In the present disclosure, for example, in the case where an article is appended by translation as in a, an, and the in english, the present disclosure may also include the case where a noun following the article is in plural form.

While the invention according to the present disclosure has been described in detail, it is obvious to those skilled in the art that the invention according to the present disclosure is not limited to the embodiments described in the present disclosure. The invention according to the present disclosure can be implemented as a modification and variation without departing from the spirit and scope of the invention defined based on the description of the claims. Accordingly, the description of the present disclosure is for illustrative purposes and is not intended to limit the invention in any way.

Claims (6)

1. A terminal, comprising:

a receiving unit that receives, through higher layer signaling, a setting related to transmission of a physical uplink shared channel; and

and a transmitting unit configured to simultaneously transmit the physical uplink shared channel using a plurality of coherent or incoherent panels based on the setting.

2. The terminal of claim 1, wherein,

in the case where a plurality of coherent panels are used, the transmission means transmits the repeated transmission of the physical uplink shared channel to which the space division multiplexing is applied, in the same time resource and the same frequency resource.
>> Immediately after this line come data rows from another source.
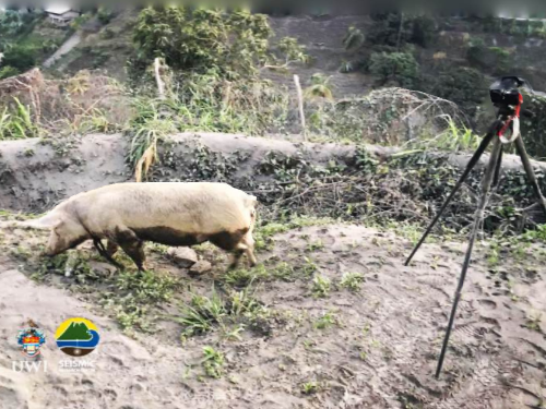 On the Centre’s Facebook page, they were sure to make mention of him, giving him the unofficial official title as their “pet” pig, and the fitting nickname Tremor. The team says he has been popping around the Belmont Observatory every morning since explosive eruptions began on April 9.
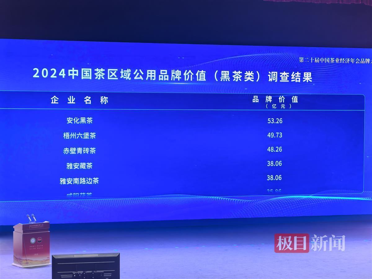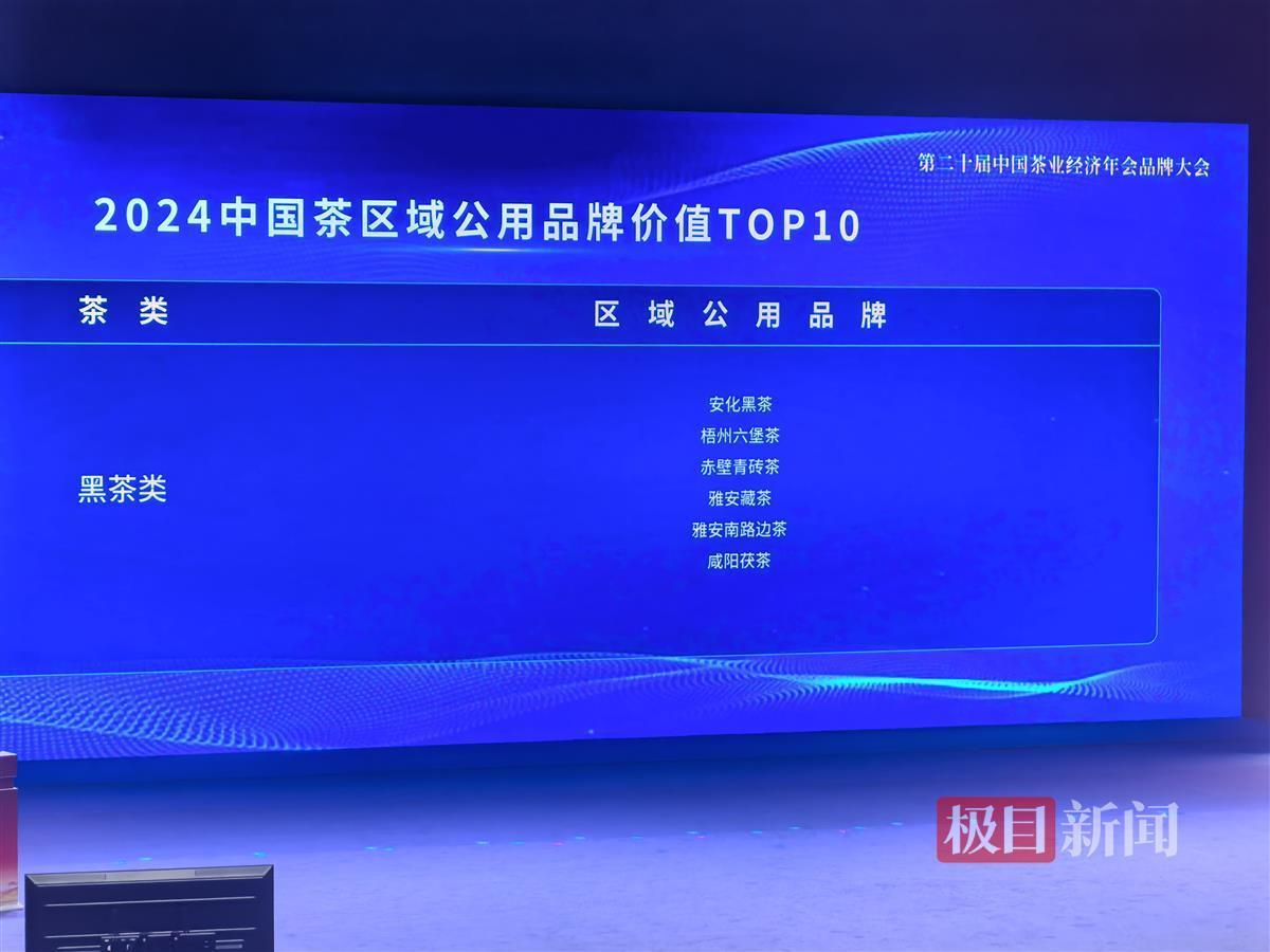 赤壁市上榜2024年度茶业践行新质生产力十大县域,赤壁市政协主席、茶产业链常务副链长宋慧宇代表赤壁上台领奖;2024中国茶区域公用品牌价值(黑茶类)调查结果发布,赤壁青砖茶品牌价值48.26亿元,排名第三;2024年度茶业重点(原百强)县域调查结果发布,赤壁市上榜,排名第六;2024年度茶业重点(原百强)企业调查结果发布,赤壁市赵李桥塔峰茶业股份有限公司上榜,排名120;2024中国茶企业品牌价值排名top10(黑茶类),羊楼洞茶业股份有限公司的品牌羊楼洞排名第二,湖北省赵李桥茶厂有限责任公司的川字牌排名第七。
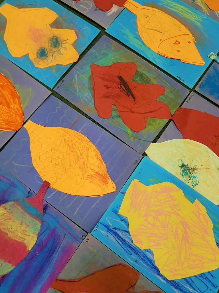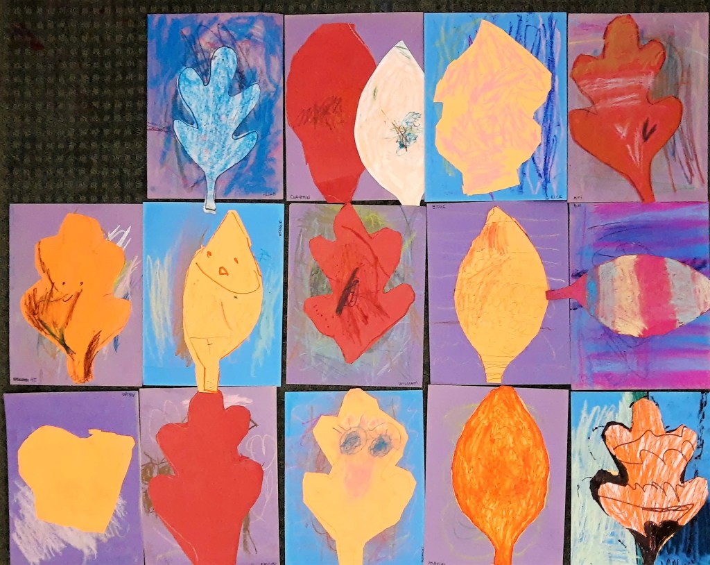 This fall, lower elementary made these lovely fall leaves using chalk pastel and construction paper. Students practiced tracing leaf templates and adding colorful patterns with chalk pastels. Students even experimented with blending and smudging the pastels together.
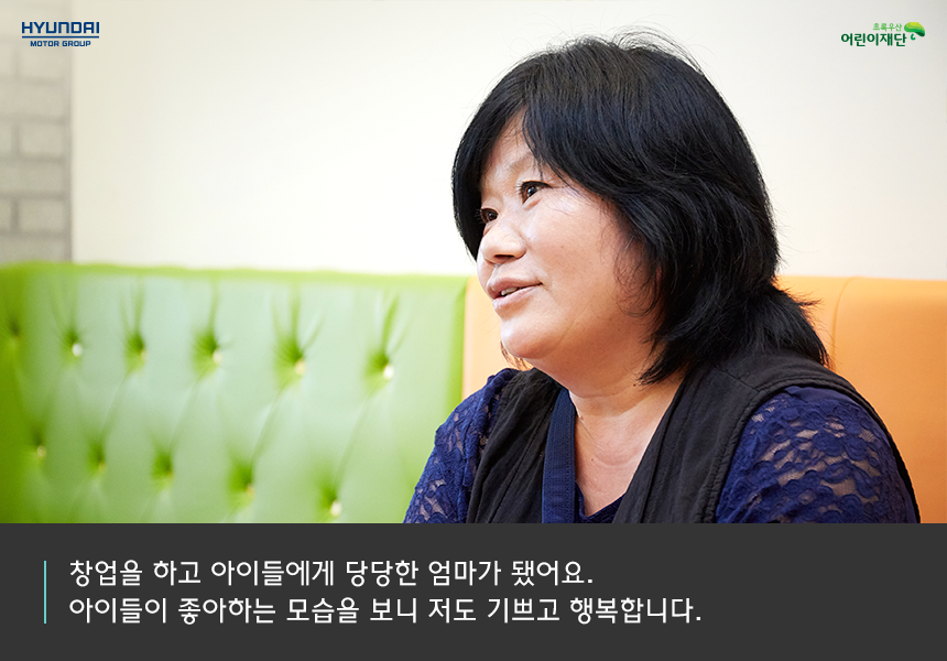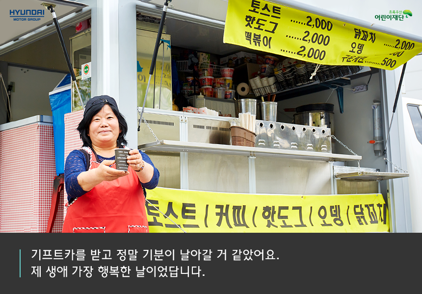 기프트카 캠페인을 통해 창업을 하고 아이들에게 당당한 엄마가 됐어요. 그동안 형편이 어려워 아이들에게 경제적 지원을 해주기가 쉽지 않았어요. 엄마로서 그 부분이 늘 미안하고 속상했죠. 덕분에 경제활동을 시작하면서 아이들이 원하는 것들을 해줄 수 있게 되었어요. 아이들이 좋아하는 모습을 보니 저도 기쁘고 행복합니다.
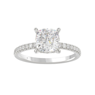 14K WHITE GOLD 2 1/4CT ROUND/CUSHION DIAMOND LADIES RING (CENTER STONE CUSHION DIAMOND 2CT)
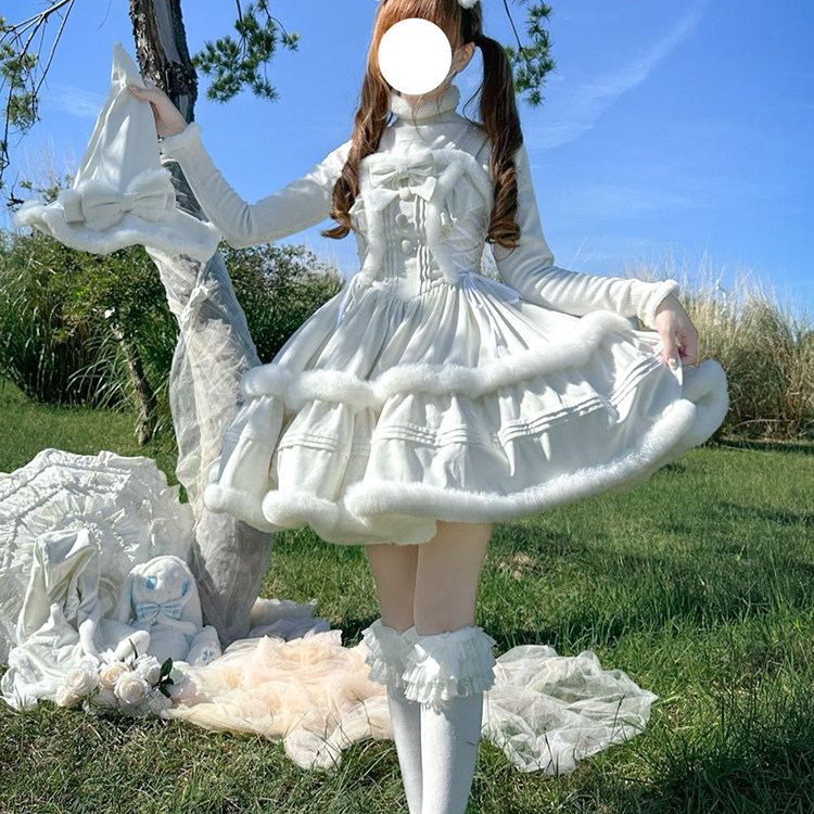首页> 女装> 冬季新款日系lolita优雅大小姐重工斗篷披肩+内搭+背带裙三件套女
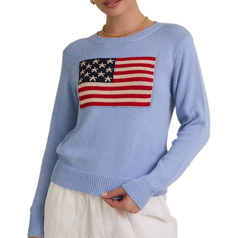 Großhandel Custom 100% Baumwolle Soft Women Strick pullover USA Flagge Intarsia Pullover Winter Frühling Chunky Strickwaren Hochwertige OEM
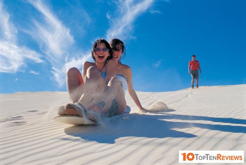 Besides, you can also explore sand skating. Skateboards are areca spathe and stiff paper. Thrillingly sliding down from above, feeling the layers of white sand clinging to your body, spreading out in space, you will feel as if you are in harmony with the immense and majestic nature. It is considered the ideal game for those who keep a good balance and love thrills.
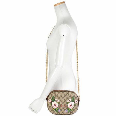 3. グッチ GUCCI チェーンショルダーバッグ GGスプリーム キャンバス レザー 花柄 ゴールド金具 刺繍 409535【中古】
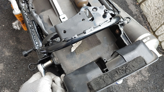 문제는, 볼트를 2개, 1개 넣어줘야 우측 스텝 프레임이 리어쇽에 간섭되지 않는다.
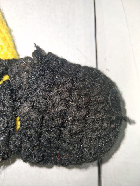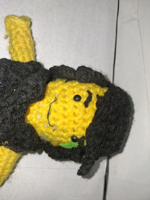 To make koda you will need: red heart black, red heart yellow, black felt, 8 mm. Tools required: 3.75mm.
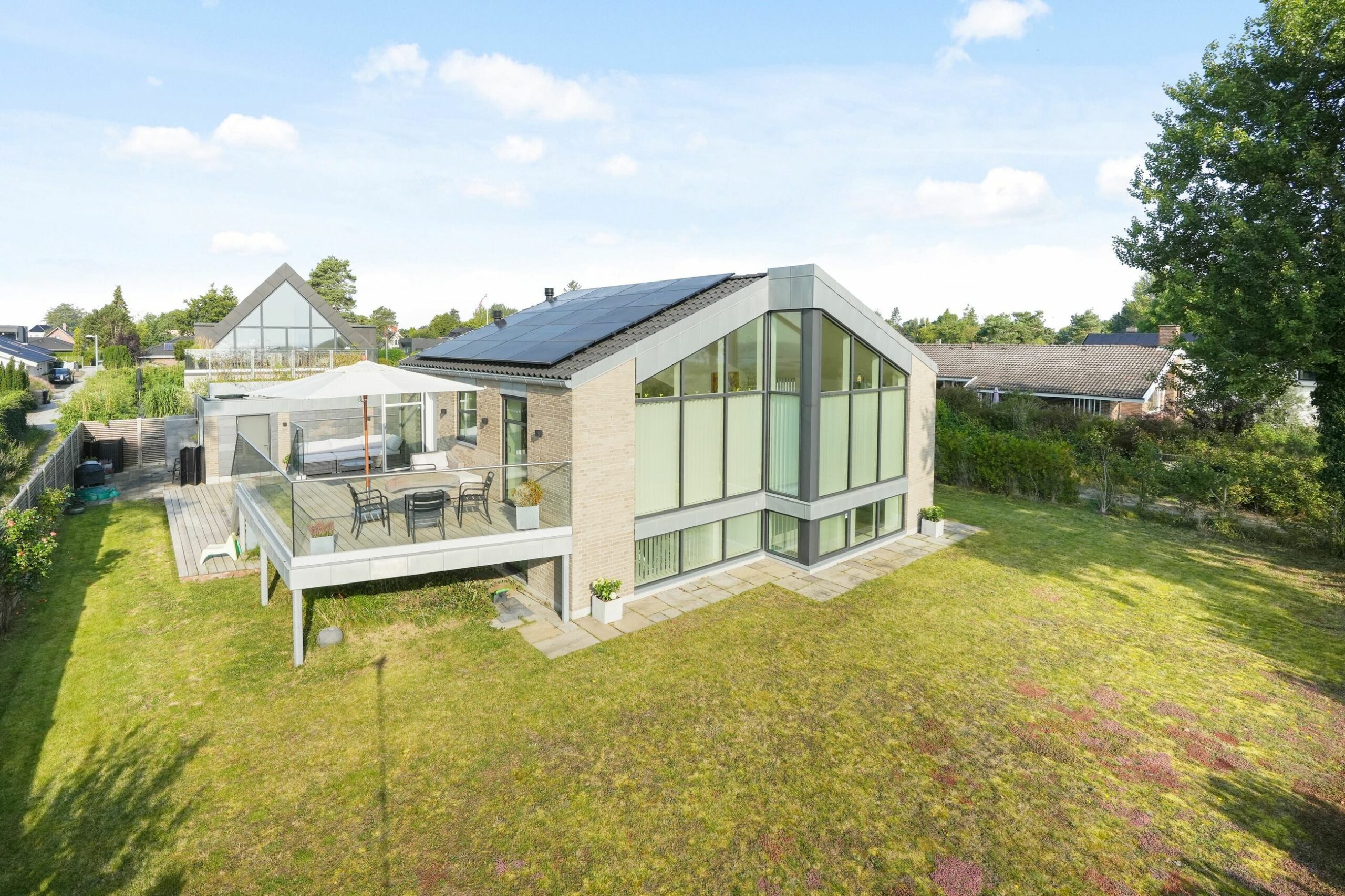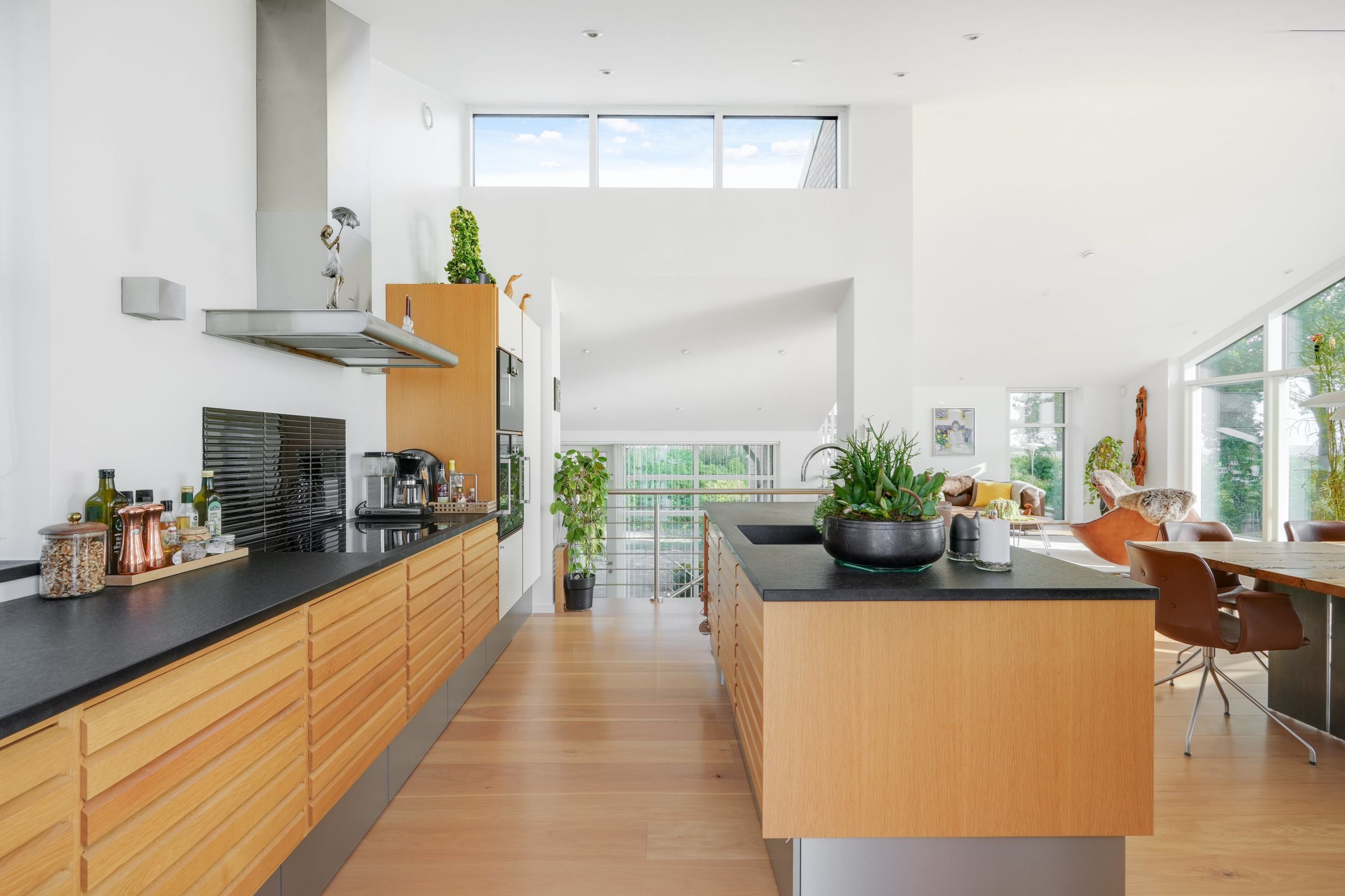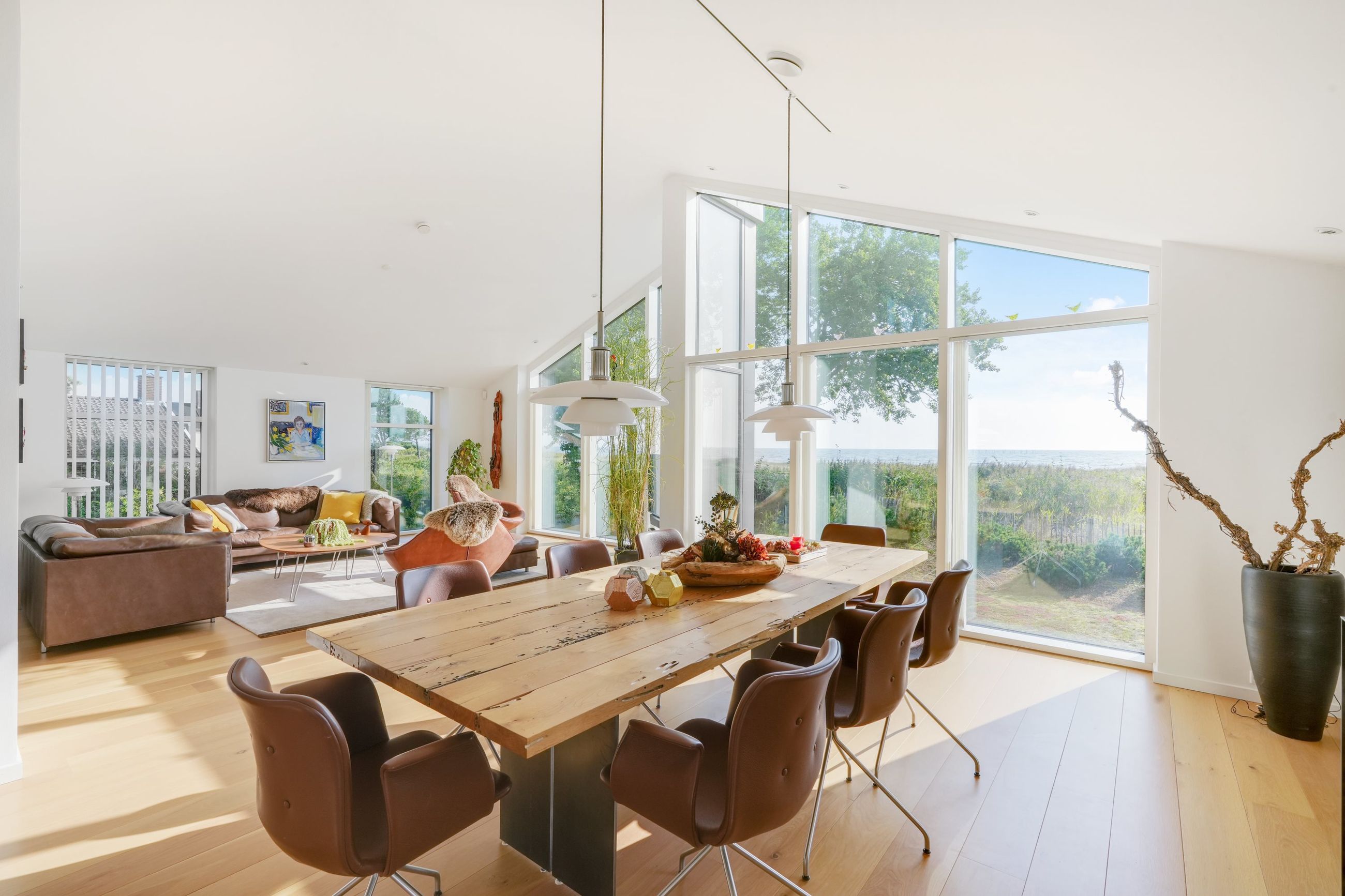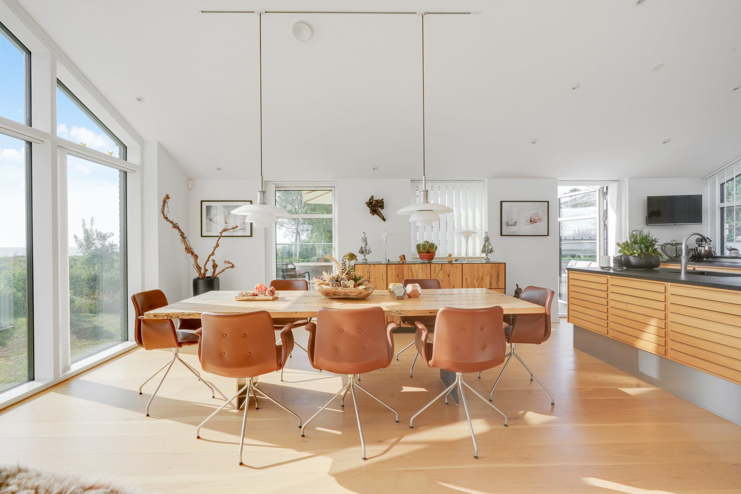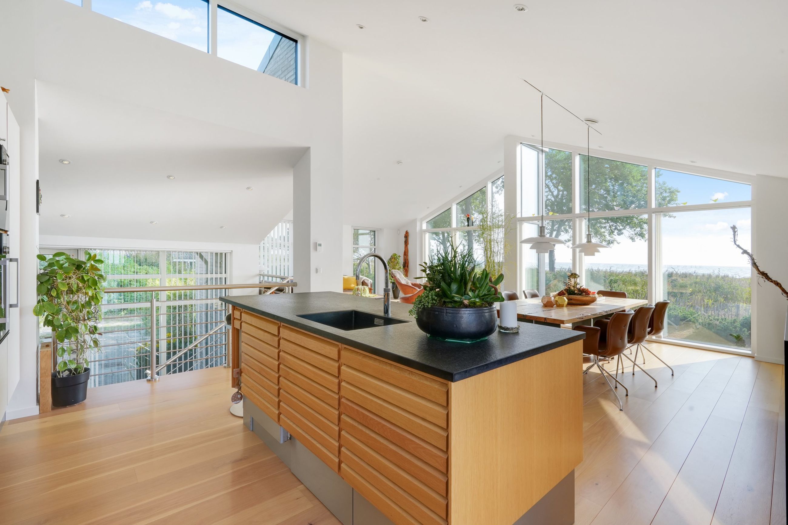 Huset er nærmest vedligeholdelsesfrit og bygget som et lavenergihjem med solceller og genvex-anlæg, der sørger for et sundt og behageligt indeklima året rundt. Gennem rummene breder massive egetræsplanker, marmor og fliser i natursten sig som et roligt bagtæppe for livet, og lyset bevæger sig let mellem planene. Den lyse entré åbner sig mod trappen og de forskudte niveauer – her mærker man straks den arkitektoniske tanke. Øverst udfolder husets hjerte sig i et stort leverum med lofter til kip, ovenlys og vinduer fra gulv til kip, hvor himmel og hav føles som en del af indretningen. Her er luft, højde og en enestående udsigt mod det blå. Sofaen finder naturligt sin plads i roen, mens langbordet samler familie og venner omkring sig – til hyggelige middage og lange snakke. Det elegante Unoform-køkken står som et samlingspunkt med smukke detaljer og luksushvidevarer fra Gaggenau. Ved den frie køkkenø er der plads til samtalerne, mens maden simrer og dagens tempo sænkes. Måske et glas vin i hånden, måske morgenkaffen, mens havet glimter i baggrunden. Forældreafdelingen er skabt til ro og nærvær – soveværelse med walk-in, eget badeværelse og direkte udgang til haven, hvor morgenbrisen står frisk gennem døren. Badeværelset er udført i Unoform-design med fritstående vask og stor bruseniche. Et ekstra værelse giver fleksibilitet – perfekt til gæster, børn eller hjemmearbejde. Syv trin fører til underetagen, som på papiret kaldes kælder, men som føles som en naturlig forlængelse af boligen. Her fortsætter de samme smukke gulve og det bløde lysindfald fra vinduerne. Et badeværelse i samme luksuriøse stil og tre disponible rum giver plads til teenageafdeling, hjemmekontor, alrum eller kreative projekter – mulighederne er mange.

3. The terminal of claim 1, wherein,

In the case where a plurality of coherent panels are used, the transmission means transmits the repeated transmission of the physical uplink shared channel to which frequency division multiplexing is applied, in the same time resource and in different frequency resources.

4. The terminal according to any one of claim 1 to claim 3,

in the case where a plurality of incoherent panels are used, the receiving means receives downlink control information corresponding to the code division multiplexing group, the downlink control information including at least one of a reference signal resource indicator for measurement, a transmission precoding matrix indicator, and a transmission power control command,

the transmitting unit transmits the physical uplink shared channel based on the downlink control information.

5. A wireless communication method for a terminal includes:

a step of receiving a setting related to transmission of a physical uplink shared channel through higher layer signaling; and

and simultaneously transmitting the physical uplink shared channel using a plurality of panels, coherent or incoherent, based on the setting.

6. A base station, comprising:

a transmission unit that transmits settings related to transmission of a physical uplink shared channel by higher layer signaling; and

And a receiving unit configured to receive the physical uplink shared channel transmitted simultaneously by a plurality of coherent or incoherent panels, based on the setting.